A friend of mine recently bought a car for his college-age daughter. She wanted a Jeep, but it didn’t pass the Dad test, so he found something a little more practical. But it got me thinking. My son will be driving in about eight years. He’s a rough-and-tumble type. It’s never easy to predict what a future 16-year-old will think is “cool,” but unlike parents, the older Jeeps get, the cooler they are.

My brother, Eric, owns a 2014 Wrangler Rubicon, and he invited us to try it out on an off-road course. I took my wife and son along. The course was full of trail runs, hill climbs and rocky creekbeds, and the Jeep plowed over and through every obstacle in our path. My wife and I agreed on the spot to buy one the following week.
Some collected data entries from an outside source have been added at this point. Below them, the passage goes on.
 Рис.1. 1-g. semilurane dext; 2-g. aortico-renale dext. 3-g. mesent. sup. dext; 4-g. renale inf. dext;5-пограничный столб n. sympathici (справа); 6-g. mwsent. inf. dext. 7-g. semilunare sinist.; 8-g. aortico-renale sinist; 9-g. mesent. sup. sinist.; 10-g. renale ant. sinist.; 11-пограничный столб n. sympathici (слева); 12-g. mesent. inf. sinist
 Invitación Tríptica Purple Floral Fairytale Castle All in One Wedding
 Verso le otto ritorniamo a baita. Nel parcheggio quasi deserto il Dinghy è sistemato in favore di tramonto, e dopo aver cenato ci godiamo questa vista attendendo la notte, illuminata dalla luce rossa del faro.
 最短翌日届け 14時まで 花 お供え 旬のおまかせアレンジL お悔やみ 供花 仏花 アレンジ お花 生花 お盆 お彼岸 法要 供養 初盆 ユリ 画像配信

Eric accompanied me to the dealership and we settled on the 75th anniversary edition of the Wrangler Unlimited. By the time I had signed all the paperwork, it was evening. When we pulled off the lot and onto the road, it appeared that our fog lights were on but the headlights were not. “No, they’re on,” Eric said. “Jeeps still come with the old bulb headlights. Most people replace them.”

Feeling suddenly apprehensive about our journey, I switched the radio on, thinking some music would calm my nerves. But I could barely read the screen, and the sound from the factory speakers was weak and tinny. “Yeah, they don’t put good radios in these,” Eric said. “Most people replace them.”
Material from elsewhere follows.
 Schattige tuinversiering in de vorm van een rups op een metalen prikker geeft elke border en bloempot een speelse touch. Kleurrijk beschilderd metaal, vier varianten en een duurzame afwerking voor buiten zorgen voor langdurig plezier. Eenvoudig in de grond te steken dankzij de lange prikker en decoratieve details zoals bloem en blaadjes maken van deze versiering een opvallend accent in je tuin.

That’s when I began to realize that you don’t buy a Wrangler; you build it. By the time I got home, I had decided to add trail lights and upgrade the factory headlights, stereo and stabilizer bar. I found everything online, including a switch panel for the lights.

I had a few questions about the panel, so I sent an email to the supplier’s customer support team. To my surprise, I quickly received a reply — from the CEO! I learned that he, like any number of Jeep accessory producers, started as an enthusiast and wound up capitalizing on an invention he built for his own vehicle. I relayed my surprise that he answered my email, and he said he is automatically cc’d on every customer service request and tries to handle as many as he can personally. And this isn’t a guy sitting in a garage with a laptop. He has 70 employees.

When our founder, Ed Bobit, was still with us, he would ask the publishers for accounts he could work on personally — advertisers, conference speakers, anything we had trouble closing. Imagine the surprise of an industry supplier or executive getting a personal phone call from the guy who owns the magazine. Needless to say, it was highly effective.

I don’t expect you to answer every email or phone call that comes into your dealership, but what if you or your GM took the next one? What would you learn about your customers and your processes? The entrepreneurial spirit courses through our industry. I wish you the best of success, and I hope you never lose the love and enthusiasm your business was founded upon.